01. Week 16 — Engineering Principles¶
🧠 Mental models¶
- One-way vs two-way decisions: "a concrete door versus a revolving door"
- ADRs: "the ship's log for why the course changed"
- Unit tests vs evals vs monitoring: "factory checks at build time, QA on the line, and alarms in the field"
- Technical debt: "interest charged on every shortcut"
- API-first: "rent first, build later if the neighborhood is truly worth it"
- Stakeholder communication: "the same engine shown through different dashboards"
⚠️ Common traps¶
- Arguing about tools before stating the real decision, constraints, and reversibility.
- Using unit tests to validate probabilistic model behavior that needs evals instead.
- Treating prompt or model-config edits as harmless text changes with no review trail.

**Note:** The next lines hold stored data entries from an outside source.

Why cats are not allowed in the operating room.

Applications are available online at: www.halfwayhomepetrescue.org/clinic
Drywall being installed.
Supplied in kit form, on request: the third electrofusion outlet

- Choosing fine-tuning or self-hosting for prestige instead of evidence and operational need.
- Letting research-heavy work escape ownership, documentation, or rollback planning.

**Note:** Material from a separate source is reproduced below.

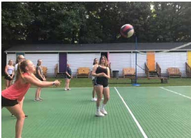
The Jackson girls breaking in our new volleyball court surface!
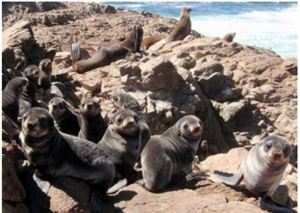
Northern fur seals breed only on West End Island, within the Farallon Wilderness.

Ryan Berger, Farallon program biologist for Point Blue says northern fur seals are unlike other seal species. “They are more like sea lions. They have external ears and a

- Explaining architecture only in technical language and leaving product, finance, or legal unconvinced.
🔗 Prerequisites & connections¶
Builds on: Module 15 capstone trade-offs and the earlier modules where you learned modeling, evaluation, cost, latency, and system failure patterns.
Feeds into: Module 17 MLOps & Production, where reproducibility, versioning, release discipline, and incident response become operational requirements.
💬 Interview phrasing¶
- How do you decide between build, buy, prompt-plus-RAG, and fine-tune?
- What belongs in unit tests versus evals versus production monitoring for an ML system?
- Tell me about a one-way door decision you would treat differently from a reversible one.
- When is API-first the smart default instead of building in-house?
- How would you explain the same AI architecture choice to engineering, product, and finance?
⏱️ Difficulty markers¶
- 🟢 one-way vs two-way doors
- 🟢 ADRs
- 🟡 API-first vs build decision-making
- 🟡 unit tests vs evals vs monitoring
- 🟡 technical debt in AI systems
- 🔴 stakeholder tradeoff communication
Self-check questions¶
- What makes a decision one-way versus two-way?
- When is API-first the smart default?
- What exactly belongs in unit tests, evals, and monitoring?
- When should an AI workflow stay manual for now?
- What minimum documents make a system reviewable and operable?
- How would you explain a model choice differently to product and finance?
Health check¶
By end of Week 16, you should have: - [ ] Read 02_explainer.md completely. - [ ] Written at least one ADR. - [ ] Built one risk matrix for an AI workflow. - [ ] Distinguished manual, semi-automatic, and automatic stages for one feature. - [ ] Completed the hands_on_lab and revision. - [ ] Felt ready for 04_ml_platform_operations.